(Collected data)
____________________
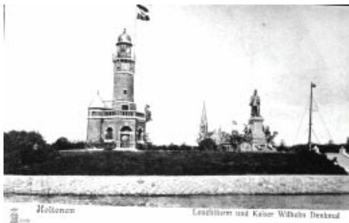
Holtenau Leuchtturm und Kaiser Wilhelm Denkmal
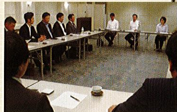
税に関する懇談会
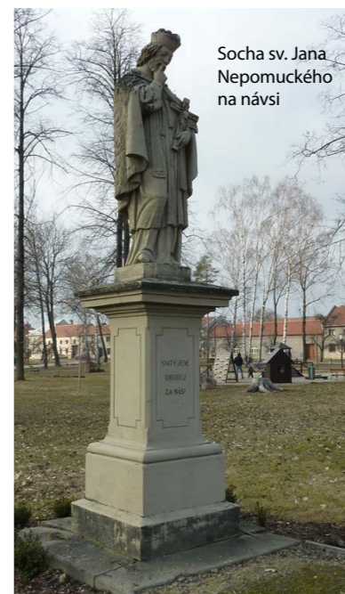
Socha sv. Jana Nepomuckého na návsi

Uprostřed křížovaty před Sokolovnou stojí kamenná sloupková čtyřhranná Boží muka. V kaplici jsou prázdné výklenky. Původně stála v místě, kde je dnes budova družstevní mlékárny. Pochází z počátku
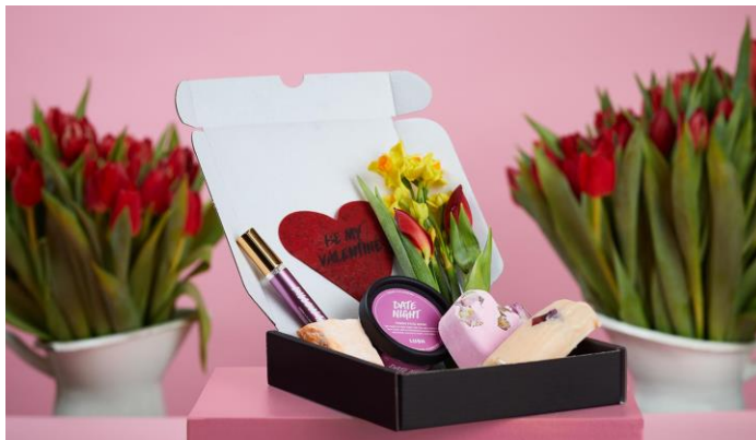
『フレッシュ&フラワー ボックス』イメージ画像

*サブスクリプションサービス『フレッシュ&フラワー ボックス』: 月額¥5,000(税込・送料込)で出来立てのコスメとオーガニックフラワーを毎月お届けする2021年7月より開始したサービスです。
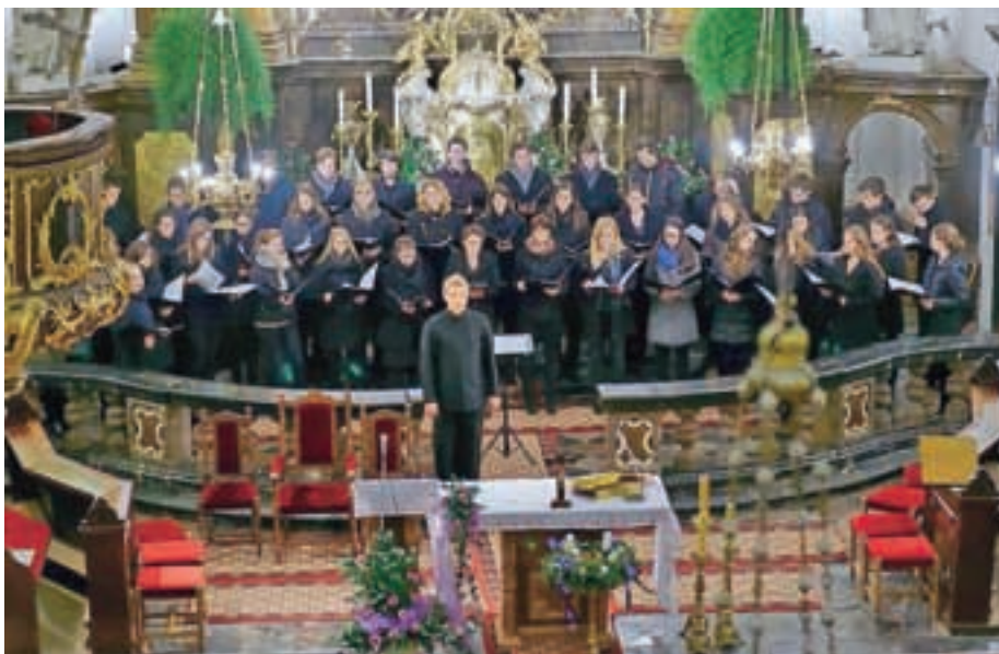
Zbor je navdušil številne poslušalce v župnijski cerkvi v Adergasu.
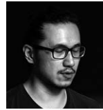
チェン・イーシュアン CHEN I-Hsuen [台湾 | Taiwan] 写真、映像 Photography, Film
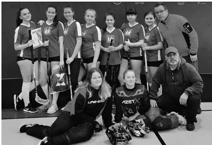
Víťazné družstvo v kategórii žiačok ZŠ - ZŠ J. Kollára B. Štiavnica
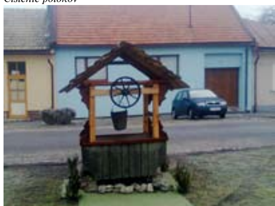
V Hronskej ulici
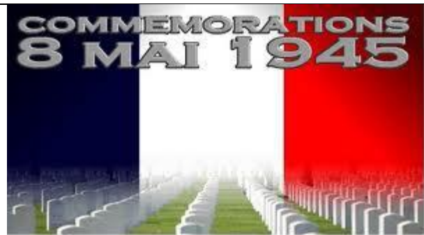
L'armistice du 8 mai 1 945 est célébré tous les ans.
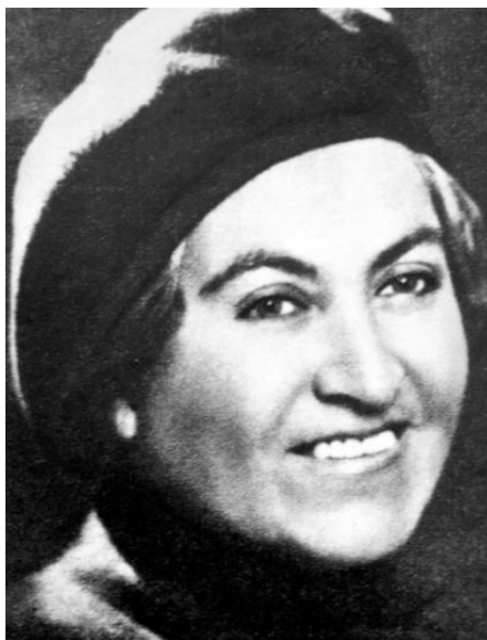
Figura 2. Fotograf3a de Gabriela Mistral en sitio de la Universidad de Chile.
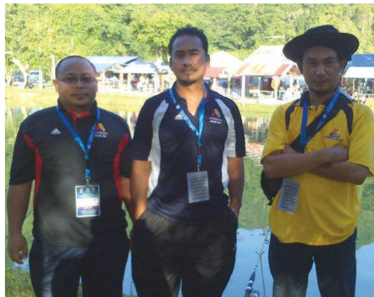
Pasukan memancing MKM
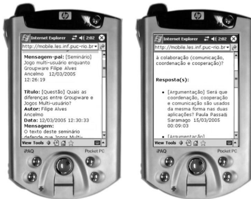
Figura 2. As meta-informações da mensagem precedente e das respostas são mostradas, respectivamente, (a) antes e (b) depois da mensagem propriamente dita

As conferências acessadas pelos entrevistados foram da edição 2004.1 do curso TIAE. O tamanho e o título das mensagens deste curso eram relativamente grandes para o espaço da tela dos PDAs, sendo por isto uma base de dados apropriada para os testes. Os valores típicos neste curso são de mais de 4 palavras para o título e 3 a 5 parágrafos por mensagem. O tamanho em bytes da página raramente ultrapassa 10Kbytes.
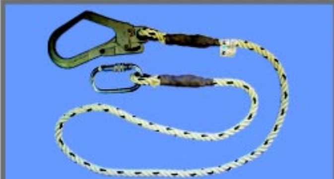
WSF211 สายช่วยชีวิตขนาด 2 เมตร เชือก 12 mm ประกอบด้วย คาราบิเนอร์และตะขอสับวัสดุ Hotdrip Galvalnized ไม่เป็นสนิม มาตรฐาน CE0120 EN355
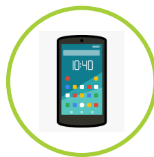
BANCA POR CELULAR
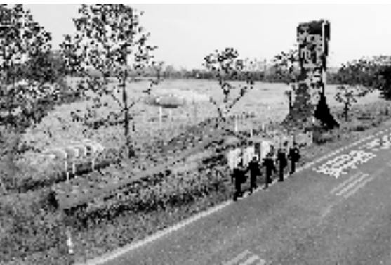
“生态警长”带队巡逻
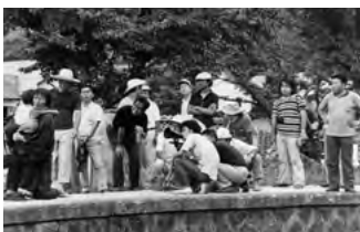
『砂の器』撮影風景 制作:松竹=橋本プロ 公開:1974年10月 監督:野村芳太郎 脚本:橋本 忍・山田洋次

『砂の器』、『張込み』、『黒い画集 あるサラリーマンの証言』は清張自身が高く評価し、『キネマ旬報』でも高い順位を獲得した名作です。
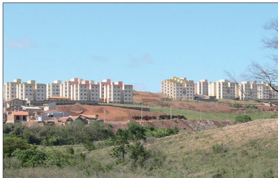
Conjunto residencial no Itamaraty: realizando o sonho da casa própria
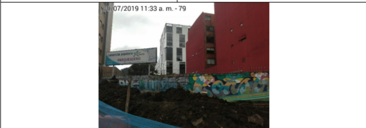
Foto 3. Vista panorámica del predio contiguo, donde será trasladado e instalado el elemento y registro, en la Carrera 16 No. 98-05 (Dirección Catastral), orientación Norte-Sur.
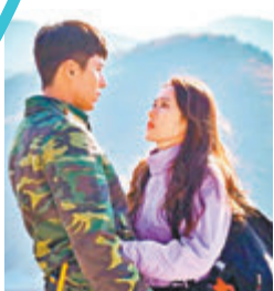
●玄彬與孫藝珍合演《愛的迫降》，並因而成為情侶。
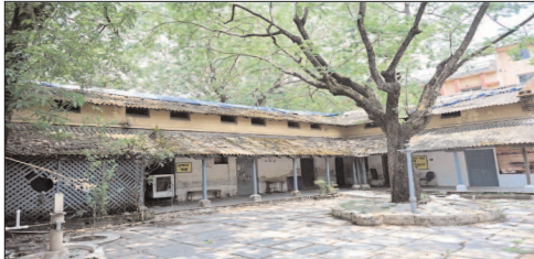
नई दृष्टिबिंदु / दुर्ग

कार्यालय भवन का शीघ्र ही नवनिर्माण किया जाएगा। लंबे समय से जिले की शिक्षा व्यवस्था के संचालन का केंद्र रहे इस ऐतिहासिक भवन को आधुनिक सुविधाओं से युक्त नए स्वरूप में
____________________
- **WHAT THIS TASK INVOLVES**
Look through the entries and copy every line in which the string "フラワー" appears.

- **WRITTEN ANSWER**
『フレッシュ&フラワー ボックス』イメージ画像
*サブスクリプションサービス『フレッシュ&フラワー ボックス』: 月額¥5,000(税込・送料込)で出来立てのコスメとオーガニックフラワーを毎月お届けする2021年7月より開始したサービスです。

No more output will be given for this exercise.